Несколько устойчивых репутационных мифов сопровождали Ивана Алексеевича Бунина в течение всей его жизни. Один безоговорочно включал Бунина в число писателей, не преодолевших традицию, другой так же безапелляционно относил его к числу дворянских снобов. Оба мифа возникли при жизни писателя, оба, как нетрудно в этом убедиться, обратившись к его творчеству и биографии, скорее пристрастны, чем точны, но оба сохранились до наших дней.

Следуя версии о бунинском «традиционализме», современники с интервалом в несколько лет дважды отметили его Пушкинской премией — в 1903 и 1909 годах. Тогда же тридцатидевятилетний Бунин был избран почетным академиком по разряду изящной словесности Императорской Санкт-Петербургской академии наук (1909).

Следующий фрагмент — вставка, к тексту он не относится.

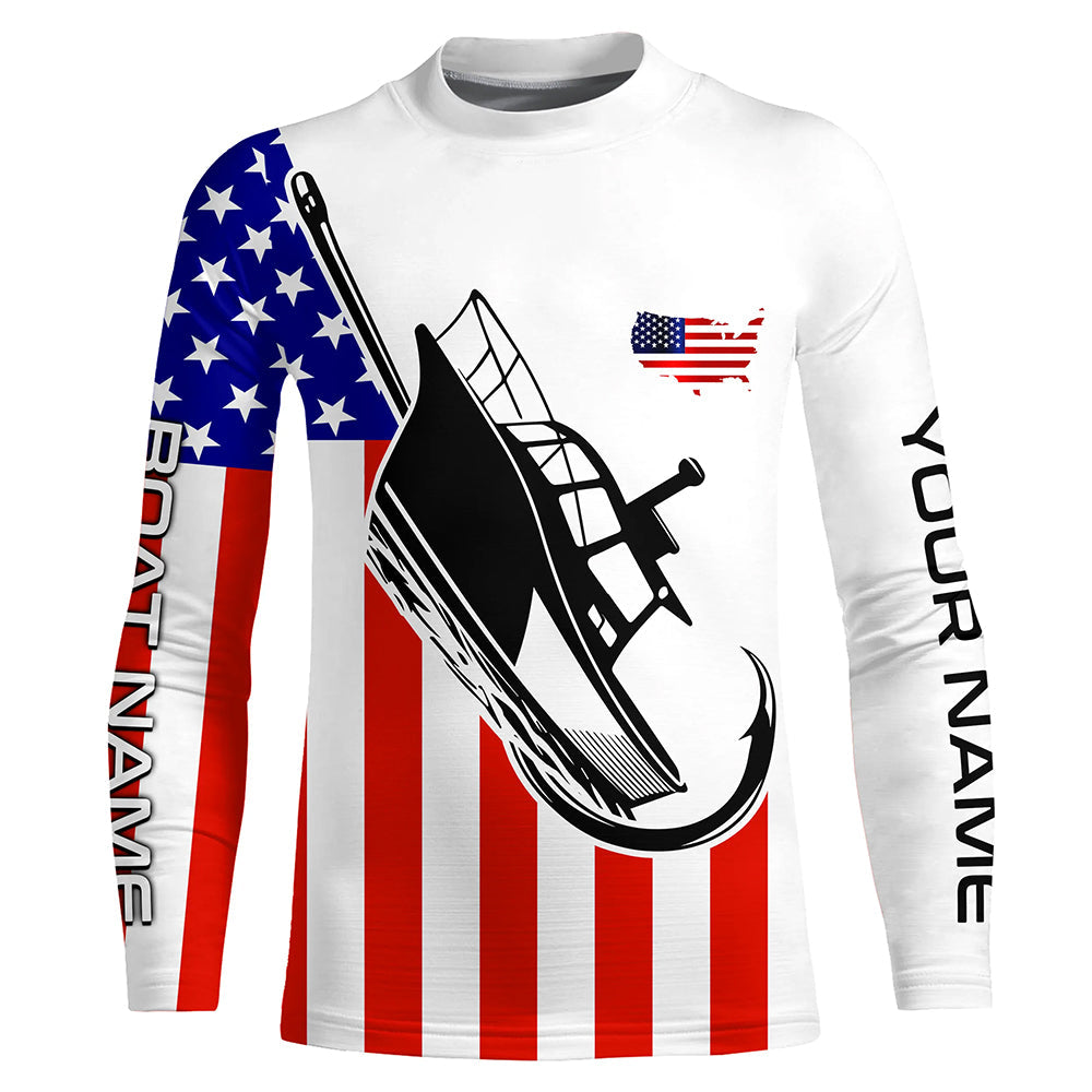 Custom Deep Sea Fishing Shirts With Boat Name, American Flag Saltwater Fishing Shirts IPHW4761

Как известно, репутация «классика» в эпоху перемен намекает на эпигонство, добротную, но все же вторичность. Поэтому вышеозначенные знаки внимания были почетными, однако их трудно было счесть безусловным признанием, а уж тем более популярностью. Не случайно К. Чуковский заметил, что доброжелательные отзывы на бунинские публикации воспринимались «микроскопически малым количеством» на фоне повального увлечения современников то Максимом Горьким, то Леонидом Андреевым. И даже присуждение Нобелевской премии для рьяных поклонников новизны в искусстве ХХ ве­ка оказалось не бесспорным. Итоговая формулировка Шведской королев­ской академии свидетельствовала, что И.А. Бунин удостоен ее «за строгое мастерство, с которым он развивает традиции русской классической прозы». Скорее всего, именно это устоявшееся мнение вызвало афористическую реплику М. Цветаевой, со свойственным ей максимализмом утверждавшей: «Горький — эпоха, а Бунин — конец эпохи».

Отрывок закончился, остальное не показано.